Two days later, the President directed an intensive effort to define a long-term research and development program aimed at the ultimate goal of eliminating the threat posed by nuclear ballistic missiles. Committees of experts established to do preliminary studies issued reports in the fall of 1983 that were essentially positive, although they foresaw that the effort would take many years.[72] The President and his national security advisers reportedly decided on November 30, 1983, to proceed with an expanded program of research and development.[73] The Strategic Defense Initiative program was set in motion formally on January 6, 1984.[74] Lieutenant General James Abrahamson, formerly in charge of NASA’s Space Shuttle program, was made Director of the Strategic Defense Initiative Organization in March 1984.[75] Secretary of Defense Caspar Weinberger wrote in a report issued the following month that “recent advances in technology offer us, for the first time in history, the opportunity to develop an effective defense against ballistic missiles.”[76]

Stimulating the Advocacy

All this gave the High Frontier organization a huge boost, even though the technological approach it preferred did not top the list. High Frontier became a membership organization, using direct mail techniques to attract large numbers of average citizens; it grew from 13,000 or 14,000 in November 1983 to about 40,000 subscribers in early 1984 and published a newsletter.[77] Polls sponsored by conservative organizations showed that most of the respondents favored strategic defense.[78]

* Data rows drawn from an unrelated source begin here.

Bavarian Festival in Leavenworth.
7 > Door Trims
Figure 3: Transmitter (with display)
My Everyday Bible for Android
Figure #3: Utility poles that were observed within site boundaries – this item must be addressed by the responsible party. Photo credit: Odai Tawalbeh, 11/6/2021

Devoting much of its energy to supporting and defending the President’s decision, High Frontier frequently called on its subscribers for contributions or for letters and postcards on strategic defense issues. In December 1984, Graham urged subscribers to support Secretary of
Defense Weinberger’s position and to oppose proposals that would make the Strategic Defense Initiative a “bargaining chip” in U.S.-Soviet arms control talks.[79] One mailing, announcing the formation of “Americans for the High Frontier,” provided preprinted postcards addressed to specific senators by the state of the contributor.

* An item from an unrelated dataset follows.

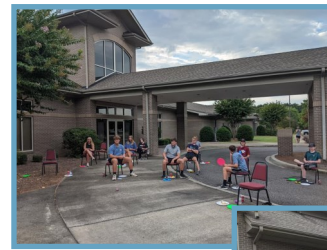
GFUMC Youth Group
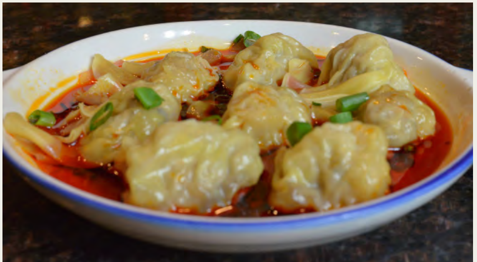
紅油抄手 Steamed Shrimp & Pork Wonton with Red Chili Sauce (8)

However, High Frontier encountered the kinds of limits on political action by nonprofit organizations that had caused the L-5 Society to establish Spacepac. Graham decided to create a political action committee (PAC) called the American Space Frontier Committee. He asked former Congressman Robert Dornan (sometimes known as “B-1 Bob” because of his advocacy of the bomber produced in his district) to head the organization, and Dornan took the job in July 1983. Dornan notes that he was in touch with Jerry Pournelle, who had helped him in his 1970 campaign.[80] The first executive director of the new PAC, during July and August of 1983, was former L-5 Society leader Carolyn Meinel, who sought to make it a broad-based, nonpartisan organization. In her opinion, however, the group was taken over by the “New Right,” and she departed.[81] People on High Frontier’s mailing list received direct mail solicitations from conservative organizations such as the National Conservative Political Action Committee.

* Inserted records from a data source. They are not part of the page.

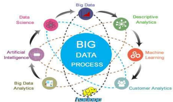
Fig1: Big Data Processing

Regular customer analysis systems are getting replaced by new structures arranged with Big Data developments. In these new structures, Big Data and basic language taking care of headways are being used to scrutinize and survey client responses.
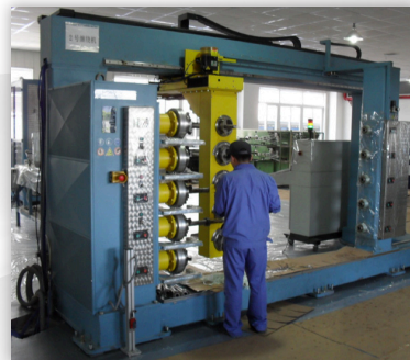
Cylinder CNC Winding Machine
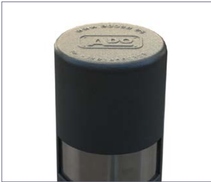
Engraved detail of the logo on the bollard.
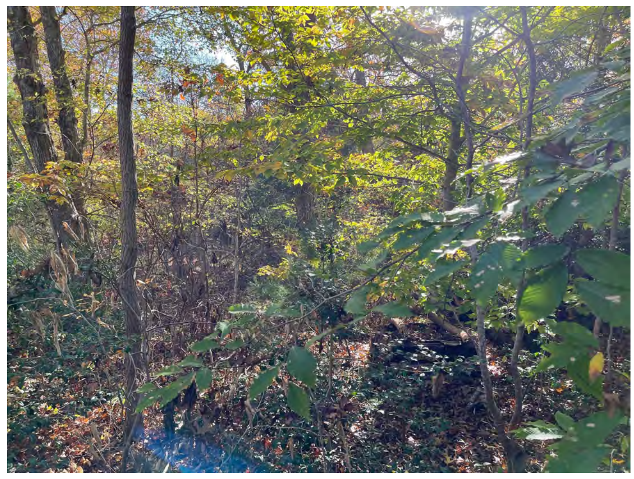
100ft mark from which my house cannot be seen at all.

In September 1983, a breakfast reception was held in Washington, D.C., to announce the formation of the new PAC. Those invited were almost entirely well-known conservatives, including Clare Booth Luce, Jerry Falwell, Jesse Helms, Malcolm Wallop, Phyllis Schlafly, Jack Kemp, and “kitchen cabinet” member Justin Dart. Invitees with a strong space advocacy connection included Robert A. Heinlein and Newt Gingrich.[82] According to Robert Dornan, the PAC’s first priority as of the spring of 1984 was to support the President’s decision, regardless of which technology is chosen to implement it. (Dornan admitted that the economic dimension of High Frontier has not progressed.[83]) The American Space Frontier Committee sent out a mailing before the 1984 elections listing those members of Congress who had supported the High Frontier idea.[84]

The administration got strong support for its initiative from some conservative members of Congress, notably Senators Wallop; Paul Laxalt, of Nevada; Jake Garn, of Utah; and William Armstrong, of Colorado. In May 1983, Congressman Ken Kramer of Colorado introduced a “People Protection Act,” which called for the creation of a directed energy systems agency, a military Space Shuttle fleet, a unified Space Command, a manned space station program, and consideration of new arms control regimes using strategic defenses. Armstrong introduced a parallel measure in the Senate. Newt Gingrich also was supportive, including the idea of space-based ABM in his 1984 book Window of Opportunity.[85]

The Strategic Defense Initiative also drew strong support from the Fusion Energy Foundation and from the publication Executive Intelligence Review, both of which are associated with the Presidential candidacy of Lyndon LaRouche. These organizations, which had begun campaigning for a space-based missile defense system in May 1982 (possibly in response to the High Frontier report), emphasized the economic as well as the military benefits of the beamed-energy research that would be conducted. One of their slogans was “Beam the Bomb.”

The Citizens Advisory Council on National Space Policy met in August 1983 to draft a reaction to the President’s initiative and to reconcile differences among advocates of different technical approaches to strategic defense such as Maxwell Hunter, Daniel Graham, and Lowell Wood of Livermore Laboratories. The report, entitled Space and Assured Survival, concluded that “The President’s proposal to change the defensive posture of the United States from Mutual Assured Destruction to Assured Survival is morally correct, technologically feasible, and economically desirable.”[86] John Rather, speaking at a seminar at the Heritage Foundation in April 1984, said, “we’ll stake our reputations on the fact that it’s possible to do it soon.”[87]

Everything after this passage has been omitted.